How region can guarantee that revenue will return in 10 years

“But we have opened our forum 20 minutes late today,” Minullina suddenly reminded the audience that the forum opened late. “It is very symbolic from a perspective of the development of public and private partnership in the Russian Federation because we seem to have everything, people seemed to come, and laws are ready, we have some ideas. But in fact, this PPP doesn’t work in our country. I think there is a series of problems that impede this development, moreover, at all levels,” she noted and added that the system of state support for investors in Tatarstan worked “quite well”.
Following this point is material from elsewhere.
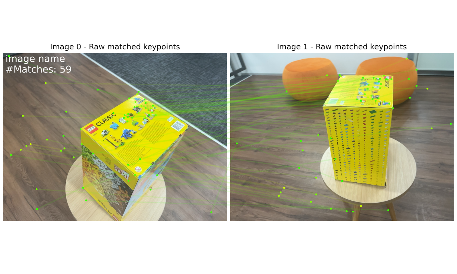 Our pose estimation pipeline, like most typical pose estimation pipelines, begins by understanding the nature of the images at hand. The first step in feature extraction aims to identify distinctive and salient points or regions in the images. These keypoints are crucial because they serve as anchor points that can be matched across multiple images, enabling the SfM system to establish correspondences between different views.Keypoints are typically detected based on their uniqueness and repeatability under varying conditions, such as changes in lighting, viewpoint, and scale. The quality of the resulting 3D model heavily depends on the method used for local feature extraction, making it of utmost importance. We have fine-tuned the Superpoint feature extractor with our extensive repository of in house ground truth 3D data, to better understand features of primary importance to our use care. While passing full-sized 4032 × 3024px images through the VGG-style Superpoint encoder yields the most accurate point detections, it significantly increases computational complexity, leading to longer training times. We have found that downscaling to 1016×1502px and using a keypoint threshold of 0.005 provides us with reasonably good key points while maintaining speed.

“From the point of the view of a private business, it is good when you have guarantees that money will return. The stance of banks is also clear that you have guarantees the money will return. But who provides such guarantees to them? A region gives them the guarantees nowadays even if there is a big grant from the Federation. <…> As a donor, Tatarstan prefers implementing the biggest part of projects the republic needs through public investments. This is why today in Tatarstan we don’t have a public initiative, but there is a private initiative,” the head of TIDA stressed.

“So at the moment it turns out that a Russian region assumes long-term guarantees, and we see more risks in this scheme than benefit from this mechanism,” the speaker added. According to her, the region creates a budget during the year, this is why it is hard to have a look at the future.

Taliya Minullina named “three horses” that can take PPP projects to a “smooth road”. Firstly, through the mechanism of public debt repayment. Secondly, through the rating of the Agency of Strategic Initiatives that integrates these projects. Thirdly, through a private initiative. She says that projects in health care are promoted better because money is paid back through the fund of Compulsory Medical Insurance.

How PPP project in Chelny was implemented

Despite budget risks, Tatarstan has quite a big number of implemented PPP projects, but each of them has individual terms of how investors get investments back, Tatarstan Sport Minister Vladimir Leonov continued. As a successful example, he talked about the scheme of a PPP project on the construction of a fitness centre in Naberezhnye Chelny.

“We made up a scheme. It had a lot of nuances and complications,” he said.

The total value of the project was 400 million rubles. Chelny’s authorities allocated 50 million rubles from the budget, but the federal co-financing was 58%. Instead, the municipal authorities got the opportunity of offering services to residents of this city in this complex for 4 million rubles a year. In conclusion, Vladimir Leonov said that there was no rule for Tatarstan to participate in PPP projects because always there are negotiations.

Nowadays, the federal system in Tatarstan has the biggest amount of preferential agreements in housing utilities — 155 agreements, another 12 — in health care, 5 — in energy services, 3 — in culture and leisure, one agreement was signed within municipal and private partnership, precisely in the venue in Naberezhnye Chelny. So Russia’s first agreement of this kind according to Federal Law No. 224-FL was signed in 2018 to create a sports venue.